Items from a dataset:

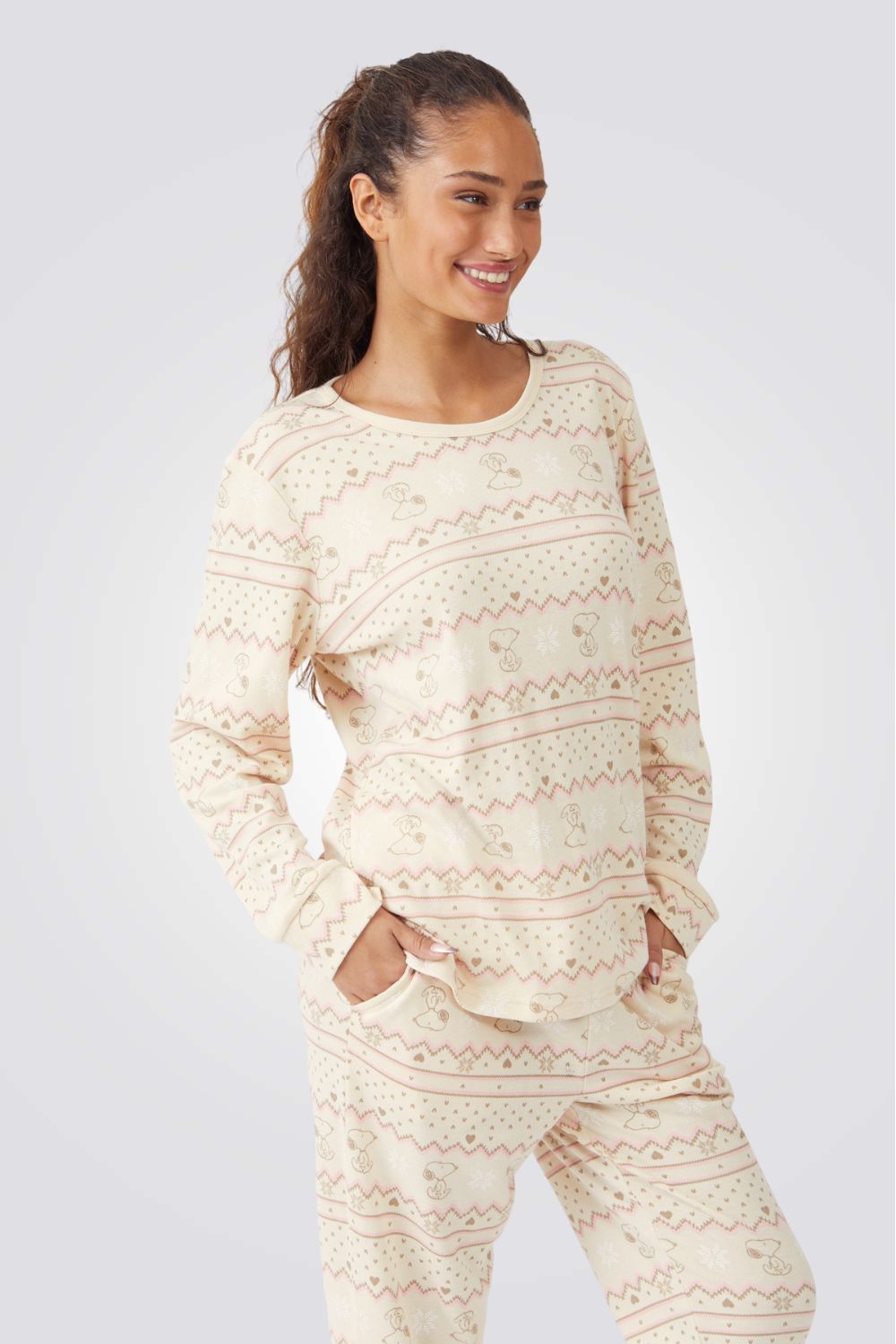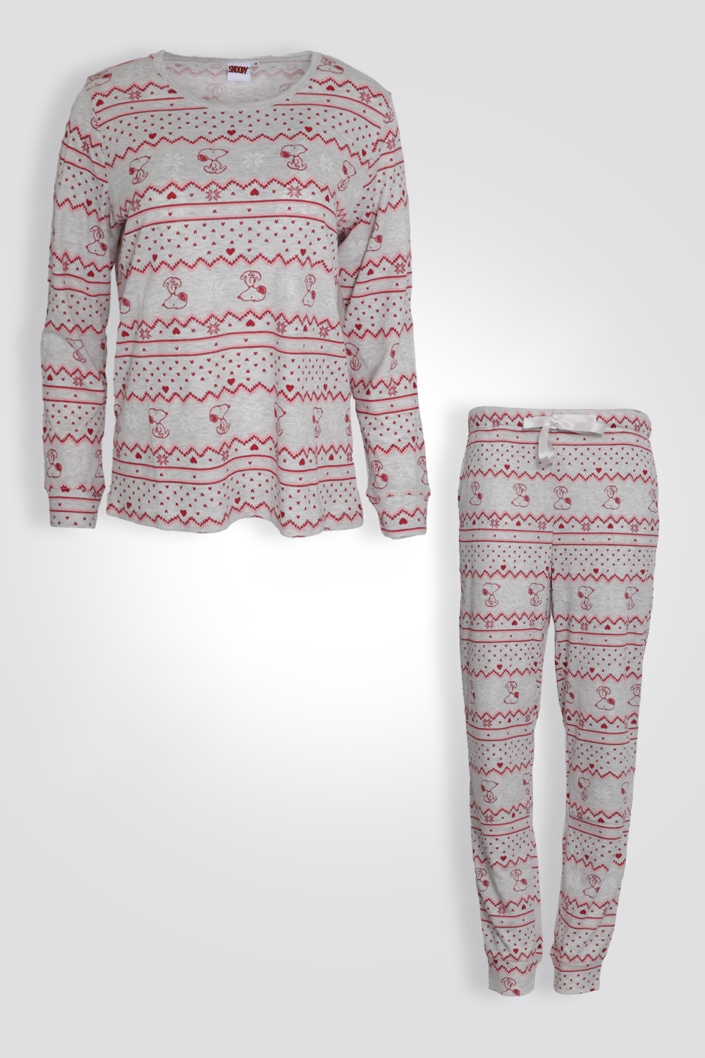 סט פיג'מה לנשים מבית המותג BONITA DE MAS העשוי מבד רך ונעים, בעל שרוולים ארוכים, מכנסיים ארוכים תואמים ודוגמא מתוקה של סנופי.
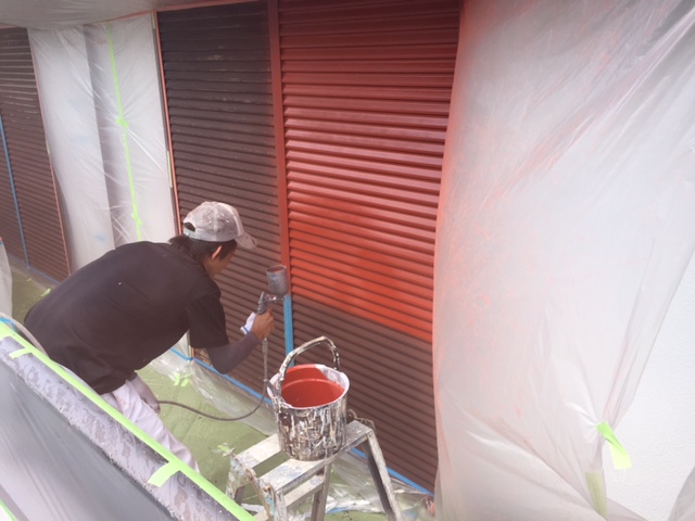 こちらの現場はあと数日で完工を迎える予定です♪今日は幕板の仕上げ塗装と雨戸の錆止め塗装を行いました。
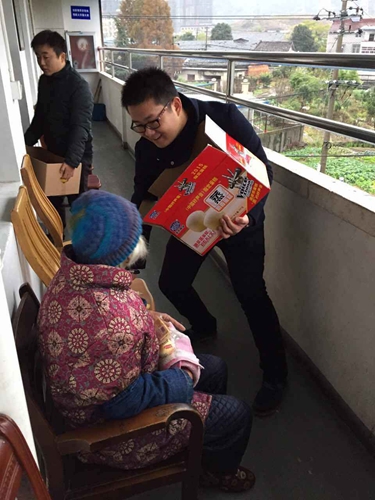 經過20多分鐘的車程,我們到達了靈山敬老院,那里很安靜祥和,大家都激動不已。因為事先聯系過,一下車,就有許多老人在門口等候我們了。看著我們帶來的一箱箱的水果和好幾袋的餅干蛋糕時,身旁的老人就一直沖著我們說:“你們太好了,還買這么多東西給我們,真是當不起的”。我們十余名團員迅速分工,有的將水果和餅干分箱裝袋,有的負責派送三樓的老人,有的負責派送二樓的老人,經過一個多小時的努力,我們終于全部派送完全部的物品。
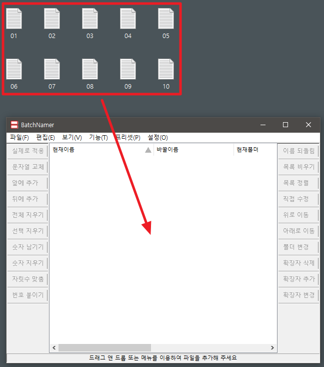 1. BanthNamer 프로그램이 켜진 상태에서 파일을 끌어서 놓는다.
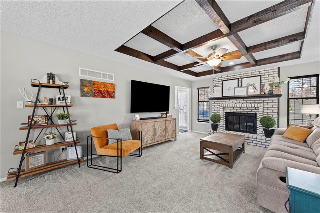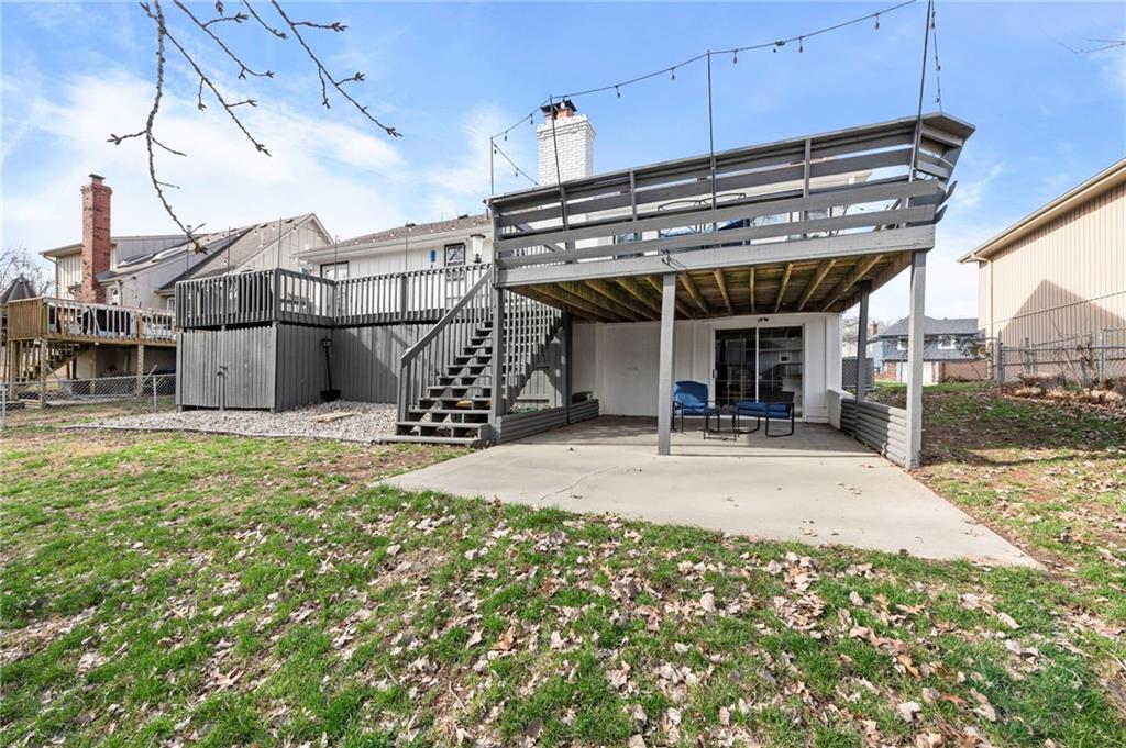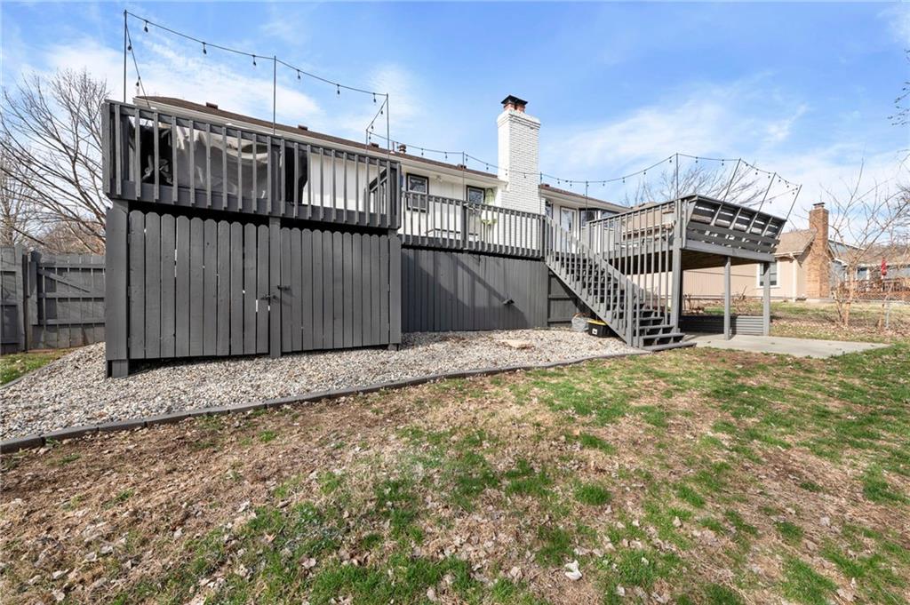 One of the cutest homes in Vista Del Verde with so many great features! This home is updated in coveted black and white new exterior paint with curb appeal that pops! Come inside to a welcoming front nook to read a book or set up as the dogs favorite sun bathing spot. Enjoy the open dining/living room with a fireplace that sets the room drawing your eye to a contrasting ceiling. The kitchen is ready to host all of your cooking with granite countertops and stainless steel applicances that overlooks a breakfast nook with a bay window displaying a newly painted entertainment deck with storage below. There are also several interior storage areas including a converted bedroom closet, that can be converted back to a bedroom. Newer plush carpet throughout, luxury vinyl plank floors, large hall bath, downstairs rec room with wet-bar and walk-out, third full downstairs bathroom with separate laundry area, large deep two car garage, and covered back patio area are just a taste of what this home has to offer. Lastly the amazing location with great shopping, Lee's Summit schools, parks and highway access nearby. Schedule your showing today before it is gone!
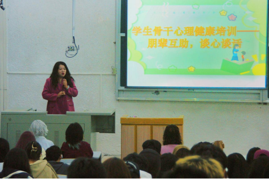 (通讯员:吴语馨)为了加强员工骨干朋辈队伍建设,不断提升自助与助人水平,切实筑牢“公司-公司-班级-寝室”四级心理危机干预体系,提高老员工心理素质,增强老员工心理承受能力,培养健全的人格,tyc33455cc太阳集团于4月14日晚7点召开员工骨干心理健康培训,tyc33455cc太阳集团副经理李琴老师,西校区学工办樊凡、朱晓晖、张文熙老师,以及tyc33455cc太阳集团全体员工骨干参加此次培训。此次培训由杨杉杉老师主讲。
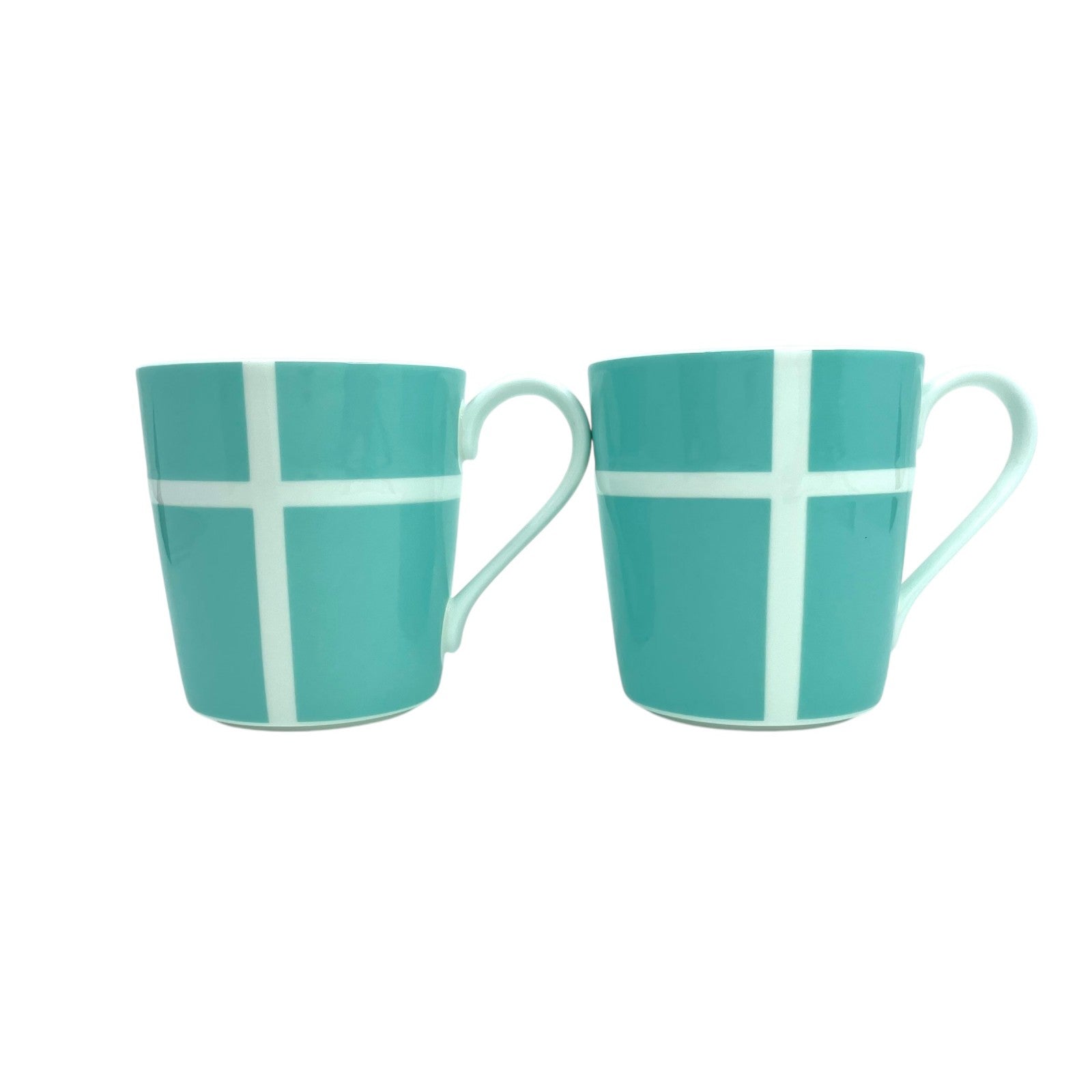 Unused TIFFANY & Co. Blue Box Ribbon Pair Mugs, Bone China, Gift Set with Box, Tableware, CT
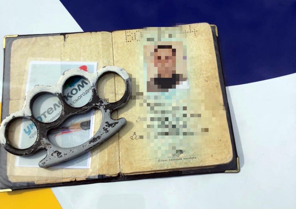 Під час перевірки та особистого огляду у 46-річного затриманого, поліцейські виявили предмет схожий на кастет. Зброю вилучено, а на місце події викликали слідчо-оперативну групу.
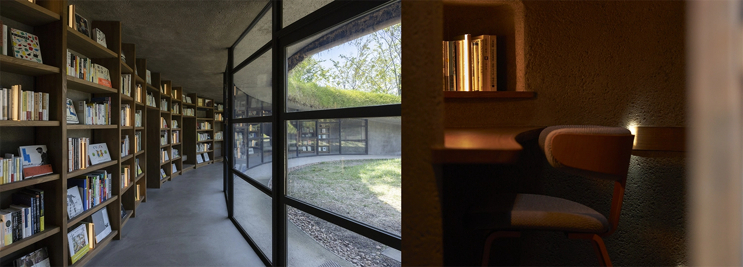 千葉県木更津市にある、約30ヘクタールという広大な敷地の「KURKKU FIELDS(クルックフィールズ)」。農業・食・アートを軸にした宿泊も可能なサステナブルファーム&パークだ。この施設内にあるのが「地中図書館」。その名のとおり、地中に埋もれているような感覚になる、何ともユニークな図書館だ。
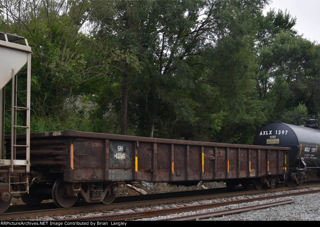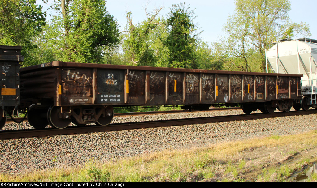 SH 4205 is seen in the consist of NS 12G at Cove, PA. Car is ex GNWR 4205/P&LE unknown and was built 5-80.
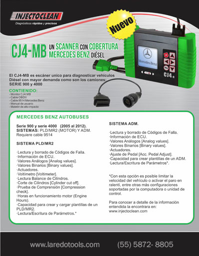 El CJ4-R-MB (Mercedes Benz) es un escáner para vehículos Diésel Mercedes Benz... Solo $15,900 Neto

Assigned task — Nothing but the lines from the one containing "SH 4205 is seen" through the last line of the data should appear in the answer, copied exactly, with pictures excluded.

Exercise result —
 SH 4205 is seen in the consist of NS 12G at Cove, PA. Car is ex GNWR 4205/P&LE unknown and was built 5-80.
 El CJ4-R-MB (Mercedes Benz) es un escáner para vehículos Diésel Mercedes Benz... Solo $15,900 Neto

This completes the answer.